- **Work to be completed**:
In the listing that follows, the range to quote begins at the line that has "2.26-million-barrel tank farm capacity" and ends after the line that has "The suspect was"; quote it verbatim and add nothing.

- **Data in this exercise**:
========
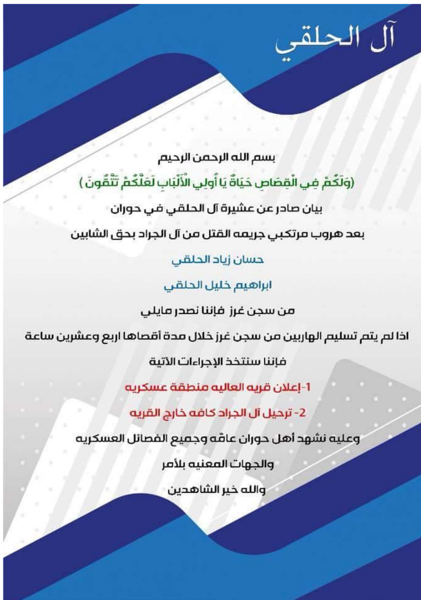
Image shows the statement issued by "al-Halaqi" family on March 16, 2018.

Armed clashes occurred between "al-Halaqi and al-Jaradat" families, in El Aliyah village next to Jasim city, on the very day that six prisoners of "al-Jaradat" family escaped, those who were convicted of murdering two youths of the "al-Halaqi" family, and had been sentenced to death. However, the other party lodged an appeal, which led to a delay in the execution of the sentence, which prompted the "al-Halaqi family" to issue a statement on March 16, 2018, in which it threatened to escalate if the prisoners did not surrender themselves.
========
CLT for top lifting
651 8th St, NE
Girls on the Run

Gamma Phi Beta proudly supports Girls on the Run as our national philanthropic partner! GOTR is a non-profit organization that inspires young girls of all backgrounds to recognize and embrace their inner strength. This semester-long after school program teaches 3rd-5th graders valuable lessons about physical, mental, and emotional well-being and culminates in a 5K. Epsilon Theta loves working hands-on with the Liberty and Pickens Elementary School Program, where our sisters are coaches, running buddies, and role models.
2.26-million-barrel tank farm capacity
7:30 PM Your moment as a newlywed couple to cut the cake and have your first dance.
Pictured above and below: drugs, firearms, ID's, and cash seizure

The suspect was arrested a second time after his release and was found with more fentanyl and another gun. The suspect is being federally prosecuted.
========
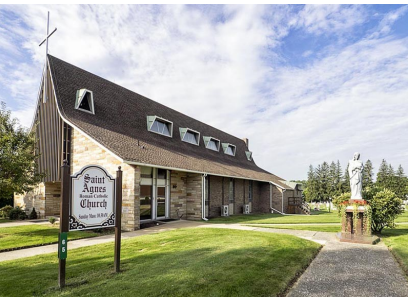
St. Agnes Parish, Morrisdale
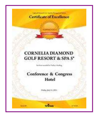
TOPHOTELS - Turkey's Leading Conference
========
- **Answer below**:
2.26-million-barrel tank farm capacity
7:30 PM Your moment as a newlywed couple to cut the cake and have your first dance.
Pictured above and below: drugs, firearms, ID's, and cash seizure

The suspect was arrested a second time after his release and was found with more fentanyl and another gun. The suspect is being federally prosecuted.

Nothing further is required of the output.